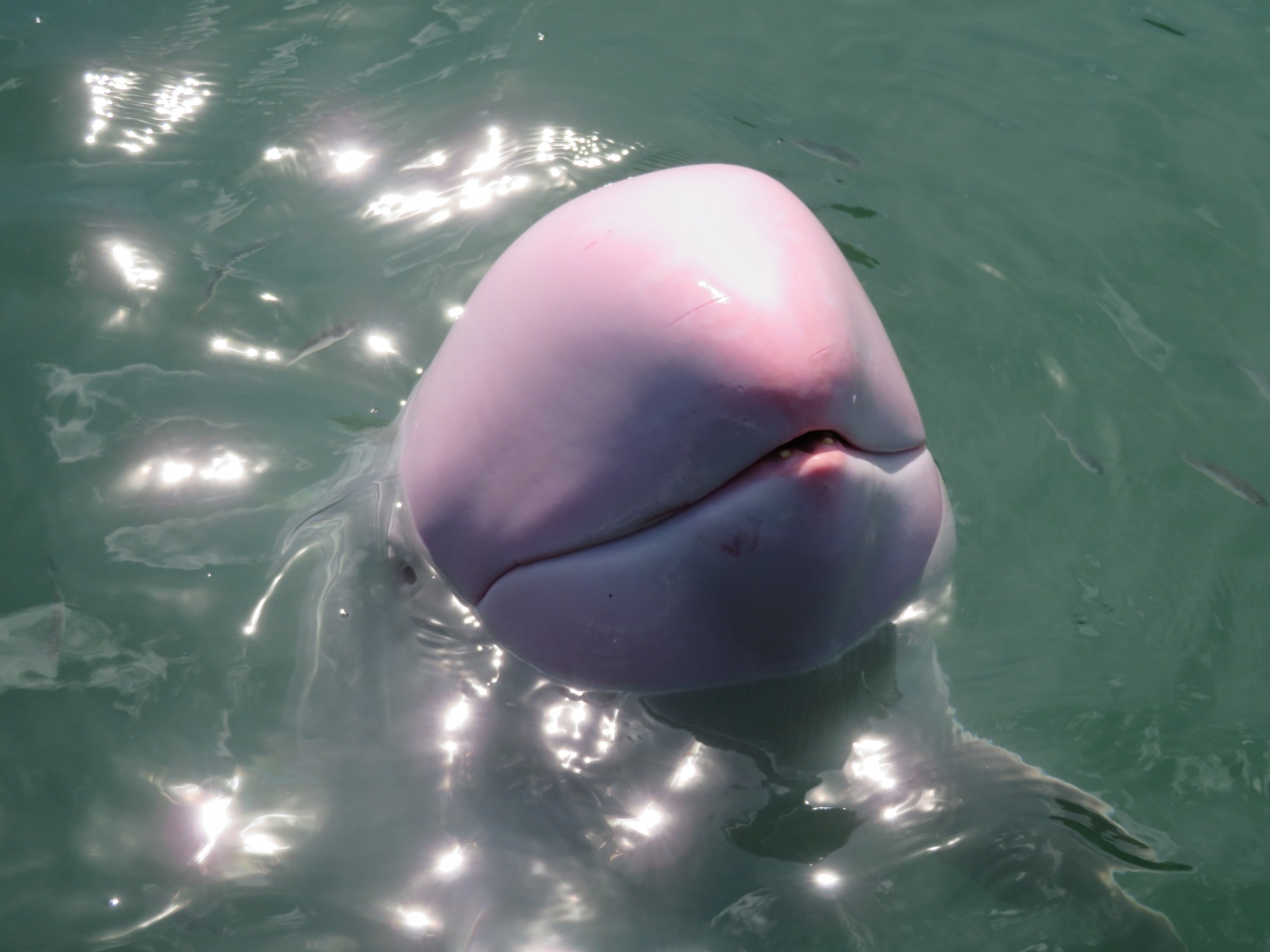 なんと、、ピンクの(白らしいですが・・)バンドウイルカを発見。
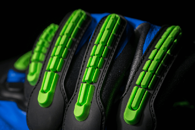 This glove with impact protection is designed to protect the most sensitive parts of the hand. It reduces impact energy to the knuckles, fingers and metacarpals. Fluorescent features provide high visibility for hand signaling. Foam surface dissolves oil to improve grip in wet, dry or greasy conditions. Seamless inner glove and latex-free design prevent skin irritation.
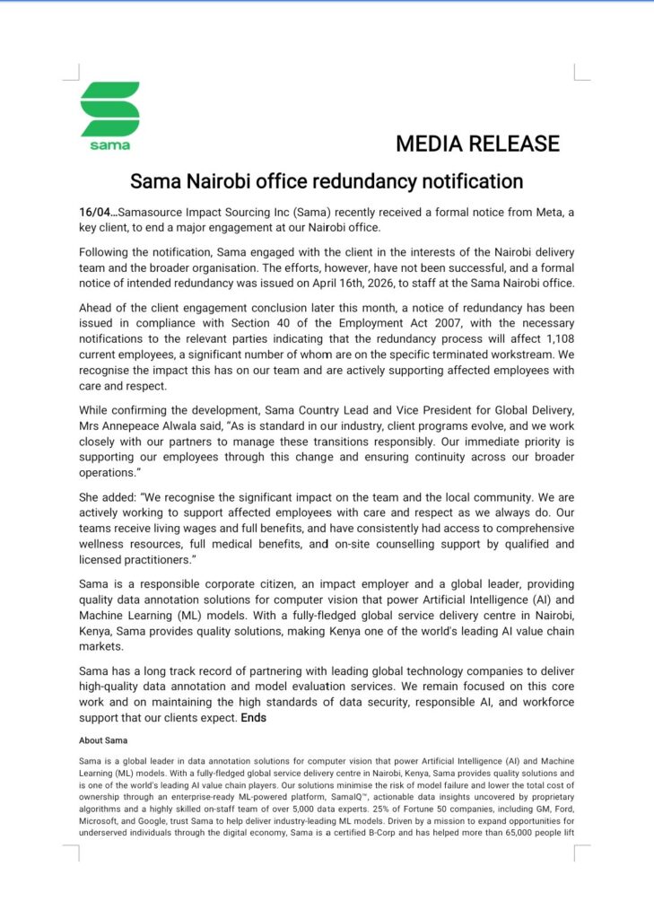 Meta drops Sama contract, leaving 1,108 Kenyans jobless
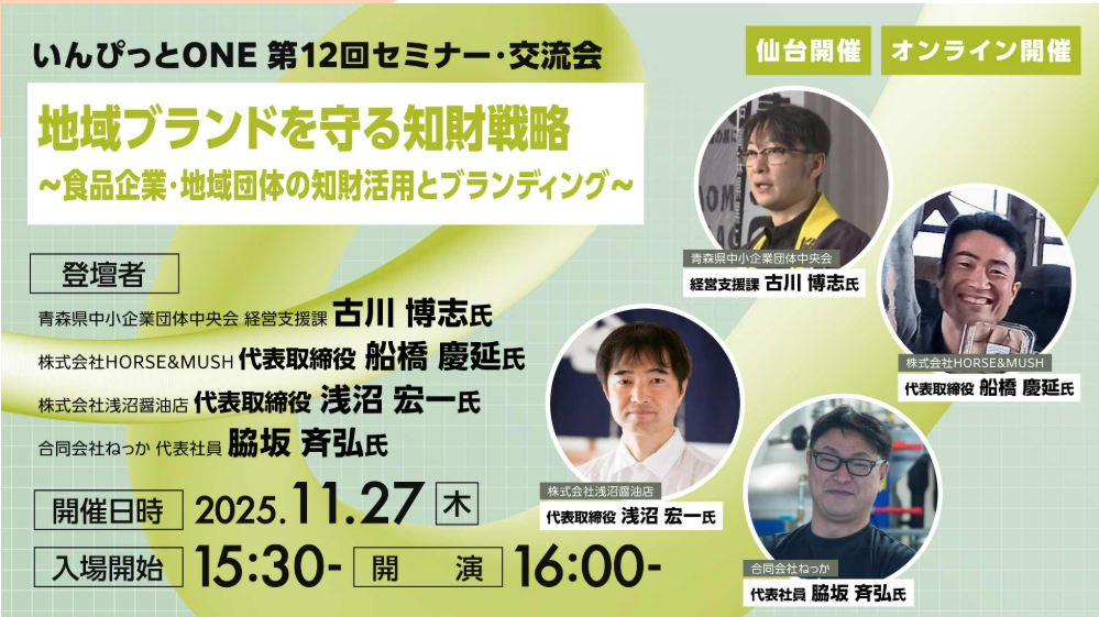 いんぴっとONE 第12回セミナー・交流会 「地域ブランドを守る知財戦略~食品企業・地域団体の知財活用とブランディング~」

WHAT TO DO: With the pictures set aside, return each line of the listing exactly as given.

RESPONSE FOR THIS EXERCISE:
 なんと、、ピンクの(白らしいですが・・)バンドウイルカを発見。
 This glove with impact protection is designed to protect the most sensitive parts of the hand. It reduces impact energy to the knuckles, fingers and metacarpals. Fluorescent features provide high visibility for hand signaling. Foam surface dissolves oil to improve grip in wet, dry or greasy conditions. Seamless inner glove and latex-free design prevent skin irritation.
 Meta drops Sama contract, leaving 1,108 Kenyans jobless
 いんぴっとONE 第12回セミナー・交流会 「地域ブランドを守る知財戦略~食品企業・地域団体の知財活用とブランディング~」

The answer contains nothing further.